Nirsoft's BlueScreenViewer.  Look at all of those 0x00000116 errors
Nirsoft’s BlueScreenViewer. Look at all of those 0x00000116 errors.  Look at how often they happened!

The 0x00000116 STOP error is a bit different to you common-or-garden crash.  MSDN describes it as follows, “The VIDEO_TDR_ ERROR bug check has a value of 0x00000116. This indicates that an attempt to reset the display driver and recover from a timeout failed.”  So it is more like a process falling asleep rather than crashing.

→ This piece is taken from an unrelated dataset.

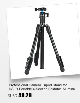 Описание продукта: Высокое качество: Изготовлен из высококачественного алюминиевого сплава трубки и АБС экологический пластик. Максимальный диаметр составляет около 25 мм, ножка ноги изготовлена из мягкой резины и вращается, чтобы лучше отрегулировать пол не статично. И мы предоставляем 1 год гарантии. Профессиональный: 3-сторонний выход цилиндрической головкой с quick release plate, вы можете делать фотографии под любым углом с горизонтальном и вертикальном положении; 360 градусов панорамирование, точный панорамы могут быть легко гармоничной. поворотные фиксаторы с системой анти-вращения обеспечивают более удобную обработку ног. Регулируемый: 4-секционный ноги и центральная колонка, высота вы можете связаться с нами и цена может быть от 18in для 55in) и максимальная универсальность. Легкий вес: это всего около 2, 6 фунтов (1,18 кг), портативный, специально для путешествий. Дизайн гуманности: в верхней части каждой ноги есть мягкий пеноматериал для лучшего захвата. И есть крючок с центральной колонной, который позволяет повесить дополнительный вес для повышения стабильности. Также с сумкой для переноски позволяет легко носить с собой. Особенности: Фиксатор регулировки угла ноги обеспечивает одиночную регулировку каждой ноги. 4-секционный Колонка ногу с quick release замки для удобной работы ногами, которую вы хотите высоту при съемке. Центральная ось перевернутой функции обеспечивает самую низкую съемку. Оснастите стальным коромыслом, вы можете отрегулировать головку во время съемки. Дизайн ручки для подъема оси, более удобный в использовании. Нескользящими резиновыми ножками. Портативный карман позволяет легко носить с собой. Лучший выбор для зеркальной камеры в вашем путешествии. Технические характеристики: Материал: трубка из алюминиевого сплава + АБС экологический пластик Тип головки: головная панель Длина в сложенном виде: 50 см/19,7 дюйма Максимальная высота штатива: 140 см/55 дюймов Макс. Диаметр трубки: 23 мм/0.9in Количество колонки: 4 секции Грузоподъемность: 5 кг/11.02Lb Вес изделия: 1,18 кг/2.6Lb Посылка Размер: 12*12*51 см/4,7*4,7 * 20.08in Посылка Вес: 1,6 кг/3.52Lb Посылка список: Q-111 штатив x1 Сумка для переноски штатива x1 Оригинальная упаковочная коробка x1

Just as I thought I had fixed it, my other PC crashed.  However, since the Startup and Recovery settings to automatically restart and record a kernel dump, which BlueScreenView can’t read, I can only speculate on its cause.  Great, 2 narcoleptic PCs.

Cause?

I narrowed the causes down to:

  • The video card was getting too warm.
  • The video card had not been properly configured.
  • The BIOS settings were wrong.

Solution?

Here’s what I think worked (and has worked so far):

  • The case is cramped and was a little dusty.  I removed the heat-sinks from the video card and CPU and vacuumed the case clean.
  • After putting the case back together, the rear system fans became very noisy.  Not long after I unplugged it the 0x00000116 error appeared.  Lubricating the fan motor and reattaching it has done the trick.
  • The video card had not been properly configured.  The NVIDIA control panel is disabled unless the card is plugged into a monitor.  Features such as PhysX were turned off and turning them on probably helps CUDA processing.  Maybe.
  • In BIOS I reverted to fail-safe options (I wasn’t far of standard anyway).  I disabled C1E, a feature that cuts the clock rate when the CPU is not fully utilised.  There’s a few BIOS features that I don’t need enabled such as virtualization that I’ll switch off later.

I don’t know for sure if the problem has been fixed, but it looks good so far.